(Dataset entries)
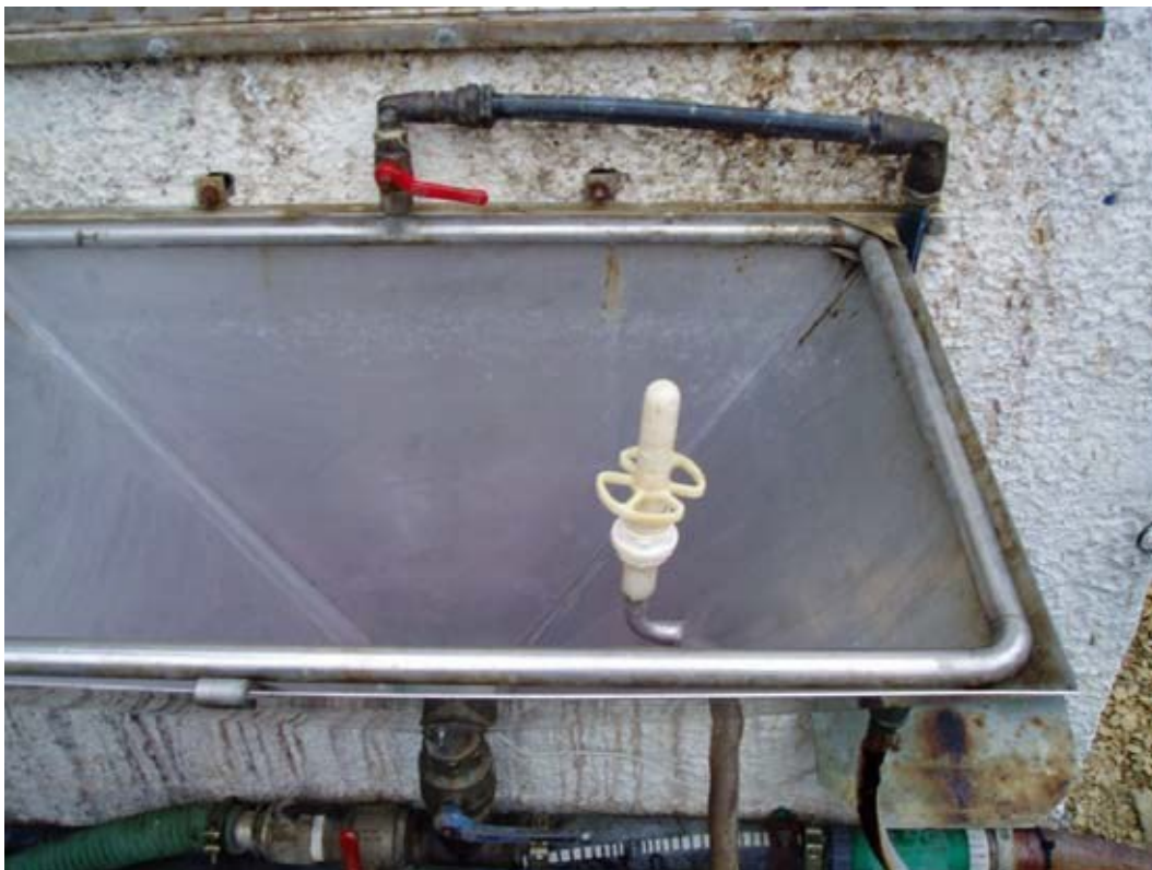
FAST MONTERET PRÆPARATFYLD, HVORFRA SPRØJTEMIDLERNE SUGES OP I SPRØJTETANKEN. ENHEDEN ER UDSITYRET MED SPULEDYSE TIL TOMME DUNKE

På nogle sprøjter - eksempelvis visse tågesprøjter - tillader konstruktionen ikke montering på selve sprøjten. I sådanne tilfælde vil det være muligt at montere præparatfyldeudstyr fast på vaskepladsen med opsamling af vaskevand eller som en mobil enhed, der kan medbringes ved påfyldning på det areal, der skal behandles.
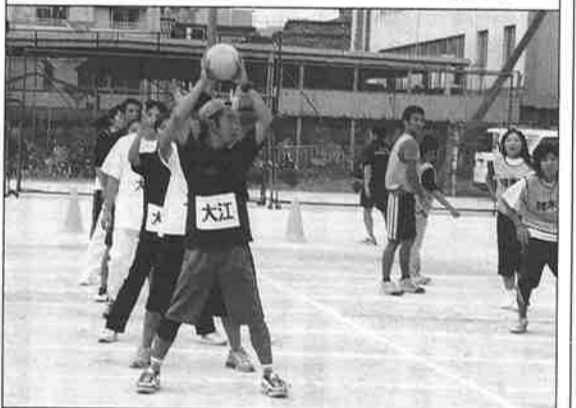
この玉送り競走、混合スプーンリレー、置替競走は大江町が優勝し強さを見せつけた。
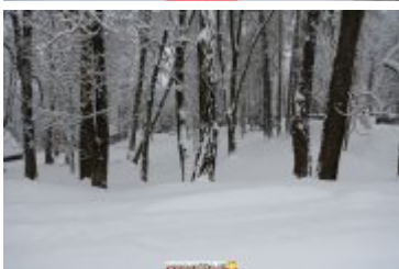
ZIMOWA SCENERIA W UZDROWISKU
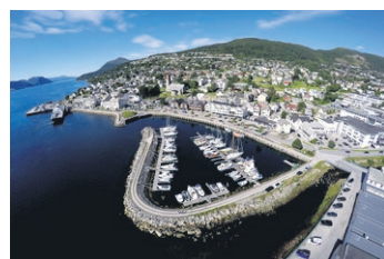
Volda sentrum er ein koseleg handelsstad ved fjorden, der du finn det aller meste. Volda er spesielt er kjent som aktiv skulestad.

Mange tilbud: På Kometland finn du Noreg sitt største amatør astronomisenter. Området har mange populære lakseelvar, mange museum, med mellom anna Fyr-museum, Aasen-tunet, trykkeri-museum og Anders Svor museum. Sjøorm i Hornindalsvatnet. Mange badeplassar. Sandvolleyballbaner. Leike- og skatepark. I Volda finn du godt miljø og anlegg for både
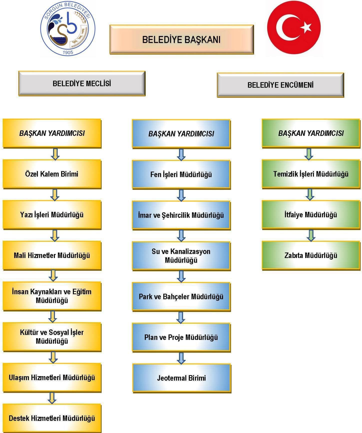
Şekil 1. Teşkilat Şeması

Sorgun Belediyesi'nin 2023 yılı itibarı ile yönetim yapısını yansıtan organizasyon şeması aşağıda yer almaktadır.

__Required action__.
Gather and copy every line of the data in which the string "finn" is found.

__Task output__.
Volda sentrum er ein koseleg handelsstad ved fjorden, der du finn det aller meste. Volda er spesielt er kjent som aktiv skulestad.
Mange tilbud: På Kometland finn du Noreg sitt største amatør astronomisenter. Området har mange populære lakseelvar, mange museum, med mellom anna Fyr-museum, Aasen-tunet, trykkeri-museum og Anders Svor museum. Sjøorm i Hornindalsvatnet. Mange badeplassar. Sandvolleyballbaner. Leike- og skatepark. I Volda finn du godt miljø og anlegg for både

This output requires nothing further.